Abstract

We evaluate the metamorphic conditions (P, T, and fluid composition), resultant fluid flux, and gold mineralization in the Hutti-Maski greenstone belt, eastern Dharwar craton, southern India, from the integrated study of three working mines (Hutti, Uti, and Hira-Buddini). In the observed D1 to D5 deformation sequence at Hutti, the proximal biotite alteration zones, containing isoclinally folded quartz veins (D2) and the laminated fault-fill veins (D3) are auriferous. The absence of extension or extensional shear veins implies that the pore fluid pressure was ≤σ 3 + T, where T is the tensile strength of the greenstones. Important auriferous vein structures of the Hira-Buddini mine are the fault-fill veins that run along the steeply dipping, reverse, brittle-ductile shear zone and shallow-dipping, sigmoidal extension veins (Pf ≤σ 3 + T). Metabasites from Hutti record amphibolite facies conditions (3–5 kbars and ~650°C) as the probable peak metamorphic P-T. A clockwise P-T-t path could be established for the Uti region, from garnetiferous amphibolite and garnet biotite schist, with peak P-T reaching amphibolite facies conditions (~6 kbars and 650°–700°C). The deduced path can be explained by a subduction-related compressional to transpressional tectonic setting, invoked for the Dharwar craton. The estimated average enthalpy change for the relevant dehydration and decarbonation is about 75 kJ, which is necessary to release one mol of H2O + CO2. By assuming volatile release between 400° and 600°C, the total heat required to metamorphose a kilogram of an average mafic rock is ~235 kJ. Furthermore, by considering 3 percent volatile loss during metamorphism, the maximum rate of volatile production is 28.98 kg·cm−2my−1.
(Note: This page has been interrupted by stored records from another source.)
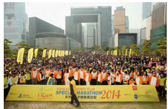
協助東華三院籌辦香港賽馬會特殊馬拉松
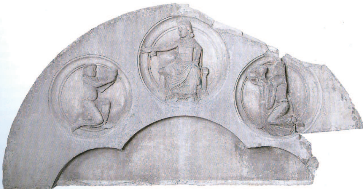
Tympan de la Prophétie d'Apollon Liège, Grand Curtius.

Ce tympan de la prophétie d'Apollon est l'une des œuvres romanes faisant référence à l'Antiquité les plus complexes qui soient. Conservé au Musée Grand Curtius, il provient d'une maison canoniale Renaissance de Liège. Ce tympan dont on peut se demander s'il surmontait une embrasure ou une niche abritant une ronde-bosse, montre, dans une composition très claire, presque dépouillée, une scène allégorique dans laquelle la personnification de l'Honneur (HONOR), figurée dans un médaillon central, se tourne vers la personnification du Travail (LABOR), figurée dans un autre médaillon – à gauche –, plutôt que vers la personnification du Souci (SOLLICITUDO), figurée dans un troisième médaillon, à droite. La scène est
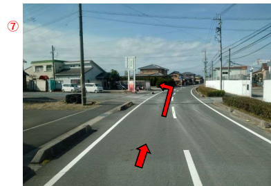
⑧ カラオケ喫茶を過ぎたら左折
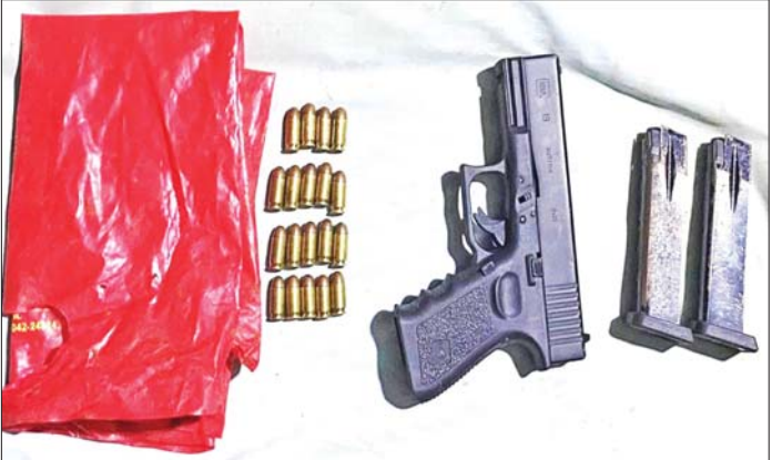
၂၀၂၁ ခုနှစ် ဒီဇင်ဘာ ၄ ရက်တွင် ပုသိမ်မြို့နယ် လင်းဝင်းကြီးအုပ်စု ပိတောက်ချောင်းကုန်းကျေးရွာနေ အေးသောင်းနေအိမ်၌ သိမ်းဆည်းရမိသည့် လက်နက်/ခဲယမ်းများ မှတ်တမ်းဓာတ်ပုံ။

Gold mineralization at Hutti took place on the metamorphic retrograde path beginning with initial alteration (and sulfidation) at upper greenschist facies. After a protracted phase of fluid evolution, the mineralization culminated with the formation of auriferous laminated quartz veins at lower greenschist facies. The ore fluid had a ∑S content ~0.1 m, and a decrease in both fO2 (and pH) caused the precipitation of gold in the proximal biotite zone from a hydrothermal solution containing Au(HS2). Fluid inclusions in D2 quartz veins within the proximal zone comprise a unique assemblage of five distinct types of carbonic inclusions containing variable proportions of CO2, CH4, graphite daughter products, and H2O. Precipitation of thin films of graphite in the inner walls of carbonic inclusions is interpreted to be the result of reaction between CO2 and CH4 (CO2 + CH4 = 2C + 2H2O) within those inclusions that were trapped at >400°C and contained sufficient CH4. Entrapment of these carbonic and aqueous inclusions followed phase separation of the initial aqueous-carbonic fluid during a decompression event. Simultaneous entrapment of coeval and cogenetic aqueous and carbonic inclusions in D3 auriferous laminated quartz veins was due to phase separation of fluid of broadly similar composition but at lower temperature. Accordingly, gold precipitation in these veins may have been a result of decrease in ∑S content of the aqueous fluid rather than the wall-rock sulfidation and fO2 decrease, as in the biotite zone. Thus, gold precipitation at Hutti, in the proximal alteration zone and laminated veins occurred over a range of temperatures and by several mechanisms. As in the Hutti deposit, mineralization at Uti occurred on the meta-morphic retrograde path. Mass-balance calculations indicate introduction of SiO2, K2O, S, As, and Zr and depletion of CaO in the mineralized portion.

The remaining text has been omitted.